Source: COVID-19 preparedness & response plan implementation – The Zimbabwean

The COVID-19 pandemic was first reported in Wuhan, China, on 31st December 2019, and was declared a public health emergency of international concern on January 30th, 2020. The disease has since spread widely to over 180 countries. Zimbabwe has had over 2 months to prepare for this outbreak since it was declared a public health emergency of international concern. The purpose of this review is to assess the preparedness and response of the nation ten weeks later, and to advise government on what can be done better to avert a catastrophe in Zimbabwe.

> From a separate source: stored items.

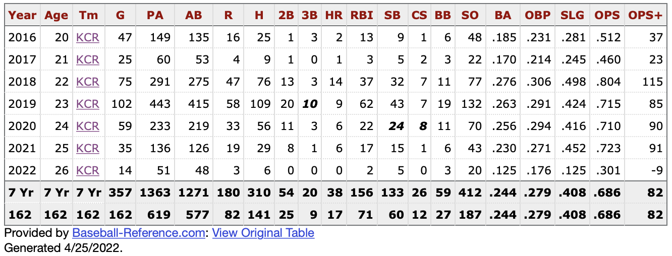 I’m looking at his Baseball-Reference page and thinking that if he somehow plays through May and doesn’t spontaneously combust, that would be the third-most games he’s ever played in a major league season. So on one hand, you can still bank on potential and the fact he had a difficult time staying healthy or that the Royals didn’t do him any favors earlier in his career with how they handled him. But on the other hand…THERE’S EVERYTHING ELSE.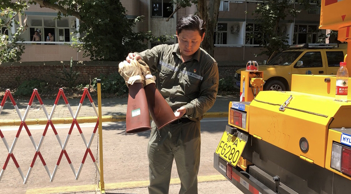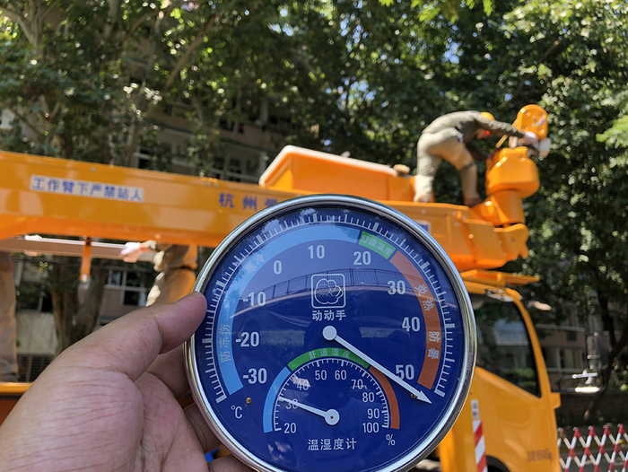 斗臂车内的温度计已爆表,李胜祖在空中作业时,温度已超过了50摄氏度,加上厚重的绝缘服,“透不过气来”。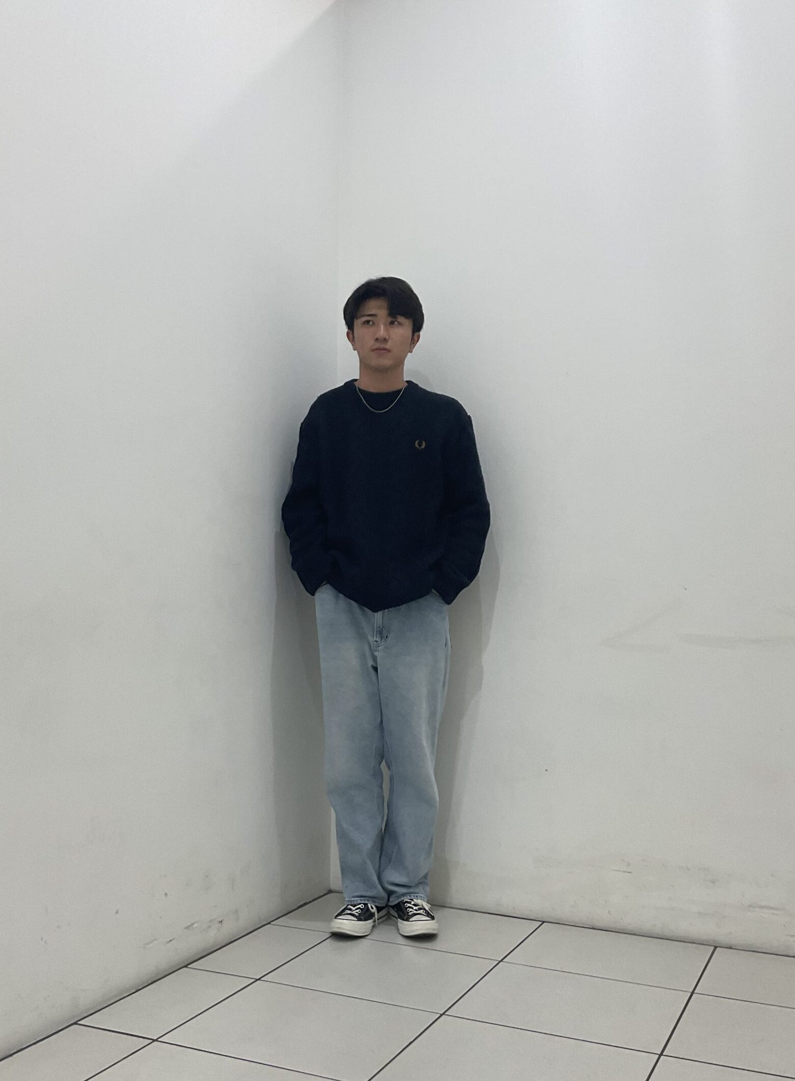 男性スタッフが着用しているニットはラムウール・リサイクルナイロンを使用したクルーネックニットです🧶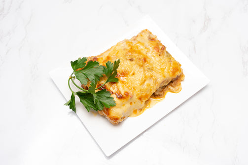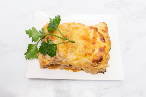 Layered ground meat, Homemade Tomato Sauce, Bechamel Sauce, and Cheese. Signature Dish.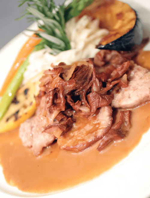 In a saucepan, heat a small amount of butter and olive oil. Add finely chopped shallots, diced mushrooms, and sauté until soft. Add chanterelles, mix, sprinkle lightly with flour, and pour in the broth. Cook until slightly thickened.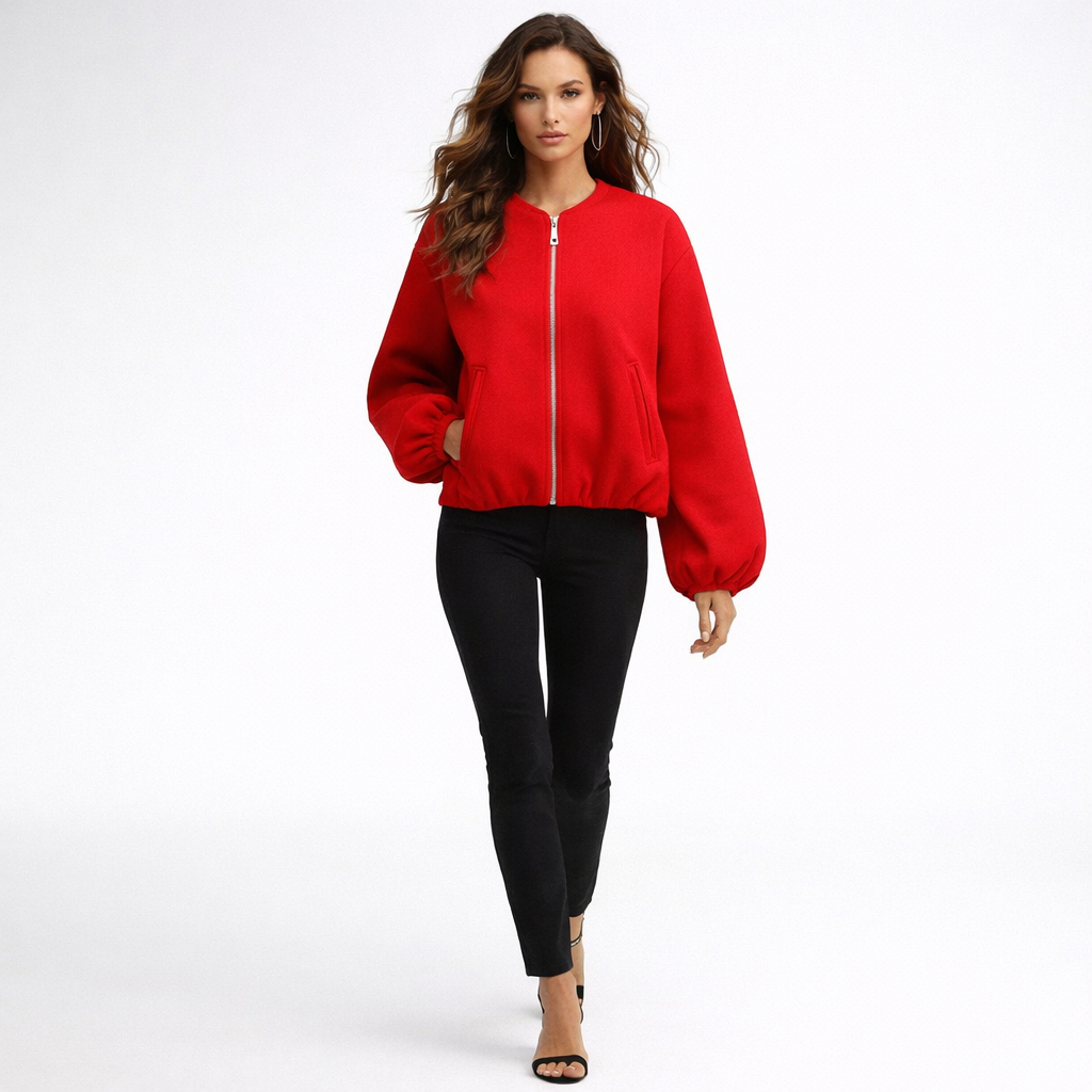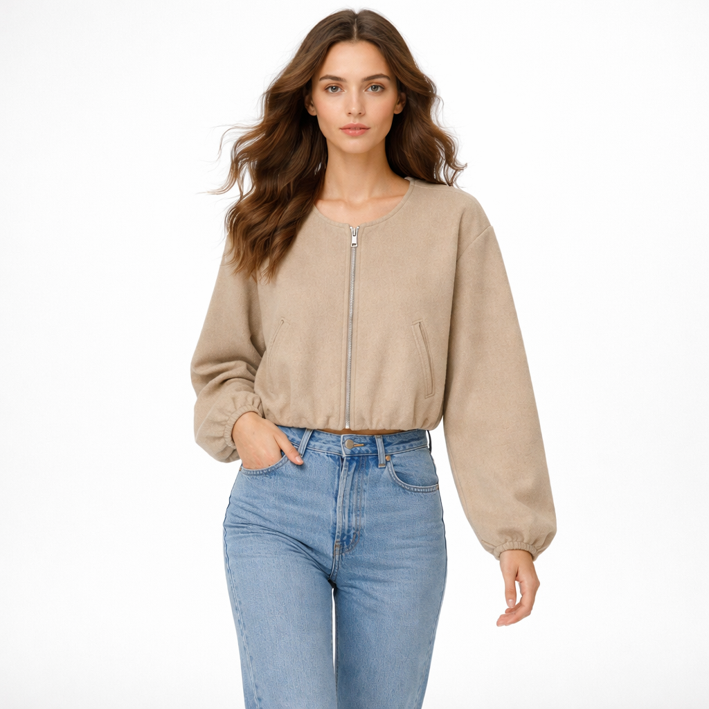 Cropped bomberjakke til kvinder med lynlås og ballonærmer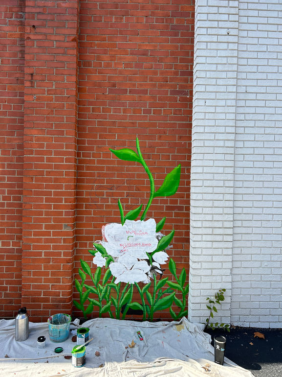 Shannon Burns at Birdsong Quilting approached me requesting new artwork to cover up a preexisting mural from another artist. She was hoping for something that highlighted her passion for both gardening and quilting. When originally painted, Shannon did not feel at all satisfied with the outcome of the flowers, specifically, and wanted the whole thing to be more vibrant and noticeable.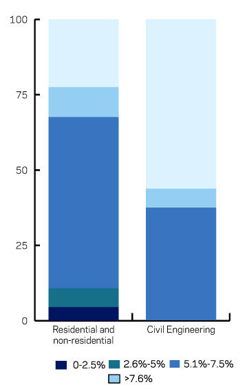 Civil engineering firms faced much stronger labour cost inflation than their building counterparts. Fifty-six per cent of respondents said inflation exceeded 7.6%, a significantly higher proportion than last quarter when less than 20% of responses fell into this band. Thirty-eight per cent of firms reported that labour cost inflation was running at between 2.6% and 5%.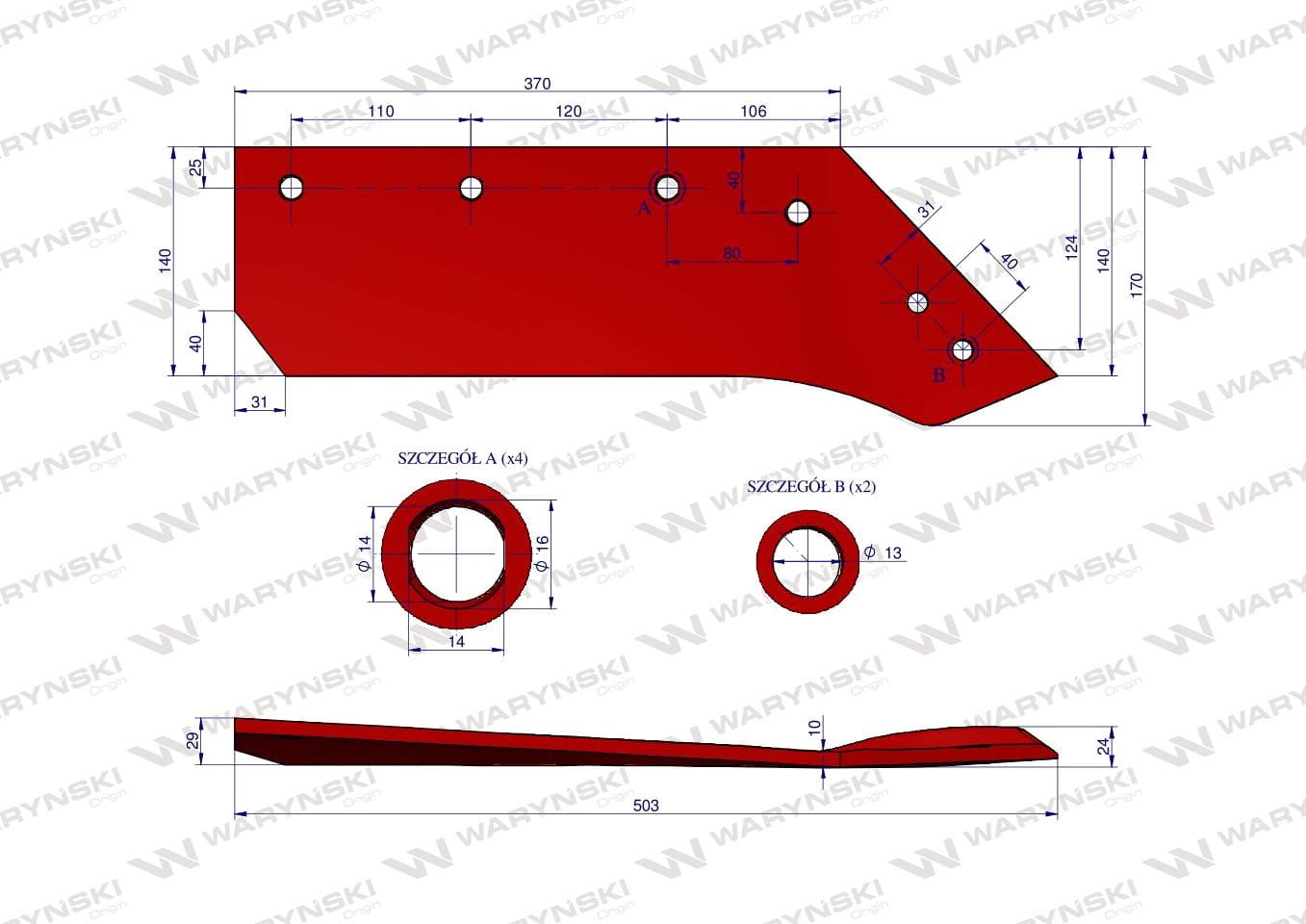 Części robocze marki WARYŃSKI wykonane są z niezwykle wytrzymałej i odpornej na ścieranie stali borowej pochodzącej z europejskich hut. Każda, nawet najmniejsza dostawa, posiada dołączony certyfikat potwierdzający skład materiałowy. Stal borowa posiada właściwości szczególnie przydatne w zastosowaniach konstrukcyjnych wymagających dużej wytrzymałości. Połączenie wysokogatunkowej stali borowej, monitorowanego procesu obróbki cieplnej oraz skrupulatna kontrola jakości produktów WARYŃSKI to gwarancja wydłużonego okresu eksploatacji. Produkty WARYŃSKI to oszczędność kosztów związanych z powolnym ścieraniem i zużyciem części roboczych. W trosce o trwałość naszych produktów oraz zadowolenie klientów proces produkcji lemieszy WARYŃSKI nie zakłada operacji spawania. Wszystkie rodzaje otworów są wykonane w specjalny sposób minimalizujący naprężenia oraz zmniejszający ryzyko pęknięć.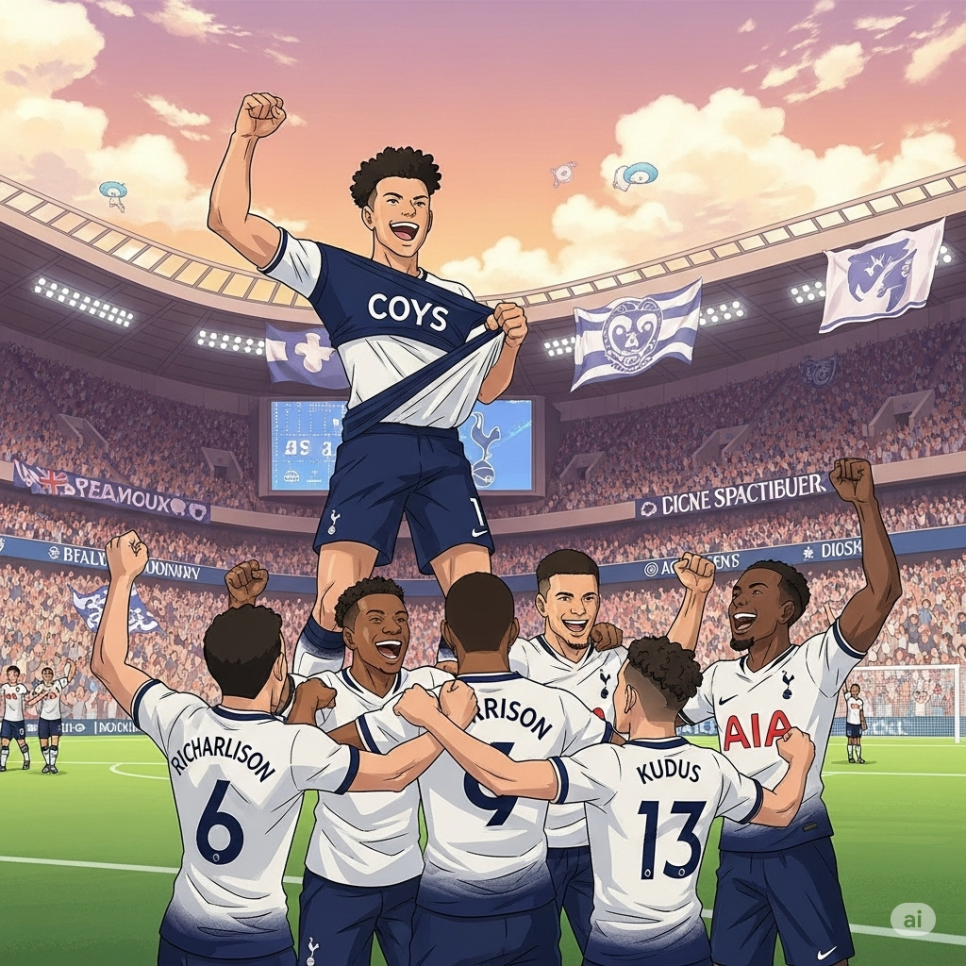 - 2025~2026 시즌의 시작을 알리는 개막전에서 토트넘은 손흥민이 빠진 상황에서도 3-0이라는 완승을 거두며 강력한 출발을 보였습니다. 이번 경기를 통해 팀은 손흥민 공백 속에서도 강력한 전력을 유지할 수 있다는 자신감을 얻었으며, 시즌 전체에 긍정적인 영향을 미칠 것으로 전망됩니다. 특히 히샬리송의 멀티골과 쿠두스의 출중한 활약은 그들이 손흥민의 빈자리를 메꾸는 데 큰 역할을 할 것이라는 기대감을 높이고 있습니다.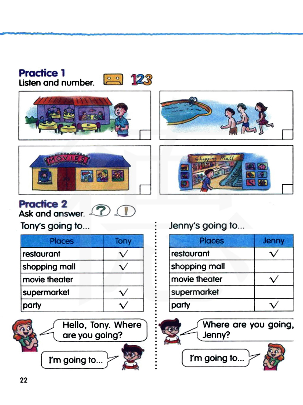 托尼和詹妮都要去哪里?看下面的表格,和你的同学们做做问答练习吧。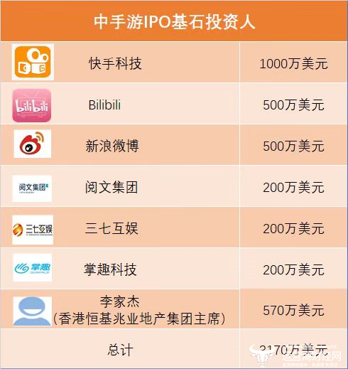 强大的基石投资阵容力挺中手游IPO

Preparedness and response plan:

Our preparedness and response plan is quite standard and meets all the requirements under the WHO recommendations. But this technical document is not complimented by appropriate implementation decisions and actions. Political will and transparency seem to be scanty. We need to examine the decisions and actions of our government while there is still time to make a difference and save Zimbabwe from disaster.
This we can do by looking at each of the eight pillars of the preparedness and response plan.

1.Coordination, planning and monitoring:

Planning for this lockdown was very poorly done, because Multi-Stakeholder consultations were not done. We are wading through uncharted waters, and everybody’s contribution should have been solicited. We now have our most vulnerable people almost starving to death in their houses. People have been locked in without the most basic commodities like mealie meal, and this is undermining the lockdown.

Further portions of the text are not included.